IAMの画面で「ポリシーの作成」を選び、JSONタブに以下を貼り付けて作成してください。
- ポリシー名(例):
databricks-s3-access-policy
{
"Version": "2012-10-17",
"Statement": [
{
"Effect": "Allow",
"Action": [
"s3:GetObject",
"s3:GetObjectVersion",
"s3:PutObject",
"s3:DeleteObject",
"s3:ListBucket",
"s3:GetBucketLocation"
],
"Resource": [
"arn:aws:s3:::my-databricks-bucket",
"arn:aws:s3:::my-databricks-bucket/*"
]
}
]
}
Step3 IAMロールの作成と信頼ポリシーの設定
ここがポイントです。Databricksがこのロールを使えるように信頼ポリシーを設定します。
- IAMの画面から「ロールの作成」をクリック。
- 信頼されたエンティティタイプで「カスタム信頼ポリシー」を選択。
- 以下のJSONを貼り付けます。
{
"Version": "2012-10-17",
"Statement": [
{
"Effect": "Allow",
"Principal": {
"AWS": [
"arn:aws:iam::742402427301:role/databricks_unity_catalog_role",
"arn:aws:iam::414351767826:role/unity-catalog-prod-UCMasterRole-14S5ZJVKOTYTL"
]
},
"Action": "sts:AssumeRole",
"Condition": {
"StringEquals": {
"sts:ExternalId": "YOUR_EXTERNAL_ID"
}
}
}
]
}
- 注意点
-
PrincipalのAWSにはDatabricks公式のシステム共通ロールを指定します。 -
sts:ExternalIdのYOUR_EXTERNAL_IDには、仮で値を入れておいて後で正しい外部IDに更新します。
-
- Step 2で作成したポリシー(
databricks-s3-access-policy)をアタッチしてロールを作成します。 - 作成完了後、ロールのARN(
arn:aws:iam::123456789012:role/...)をメモしておきます。
Step5 信頼ポリシーの更新
Step4(後述)で作成された外部IDを使って、信頼ポリシーの
YOUR_EXTERNAL_ID部分を更新します。
Databricks側
Step4 ストレージクレデンシャルの作成
- カタログ > 接続 > 資格情報に移動し、「資格情報を作成」ボタンをクリックする。
- 次のように資格情報を入力する。
| 項目 | 例 |
|---|---|
| 資格情報のタイプ | AWS IAMロール |
| 資格情報名 | aws-s3-credential(任意) |
| IAMロール | 先ほど作成したIAMロールのARN |
- 作成すると外部IDが表示されるのでメモしておく。
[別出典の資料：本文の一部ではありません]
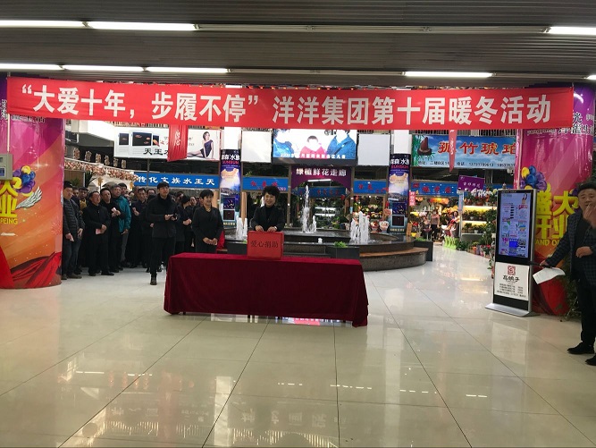 2017年11月20日,在蕭瑟寒冷的冬日,秦皇島市新洋洋花卉商場內,洋溢著春意般的溫暖,“秦皇島洋洋集團第十屆溫暖寒冬愛心助學”募捐活動現場正在進行,“新花卉、購物中心、古玩城、馬術俱樂部、洋洋植物園、網絡公司、古玩收藏商會、女企業家協會”等共近千名商戶與員工及各界愛心人士共同參與此次愛心捐助活動中,本次籌集愛心善款約5萬多元。

(信頼ポリシーに使用)
Step6 外部ロケーションの作成
- カタログ > 接続 > 外部ロケーションに移動し、「外部ロケーションを作成」ボタンをクリックする。
- 「AWSクイックスタート」がありますが、ここでは手動を選択する。
- 次のように資格情報を入力する。
| 項目 | 例 |
|---|---|
| 外部ロケーション名 | my-s3-external-location(任意) |
| ストレージタイプ | S3 |
| URL | s3://my-databricks-bucket |
| ストレージ資格情報 | 作成したIAMロール |
外部ロケーション作成時点で、接続テストが走ります。
今回は最低限のS3操作のポリシーしか与えていないので全て成功にはなりません。
(必要に応じてポリシーを調整してください。)
Step7 動作確認
Databricks側で新規のノートブックを開きます。
Pythonを使って以下のようにS3バケットの中身を見てみます。
作成しておいたS3のフォルダが確認できると思います。
display(dbutils.fs.ls("s3://my-databricks-bucket/"))
おわりに
Unity Catalogの外部ロケーション機能を使うことで、
コードに一切クレデンシャル(アクセスキーなど)を書くことなく、安全にS3と接続することができました。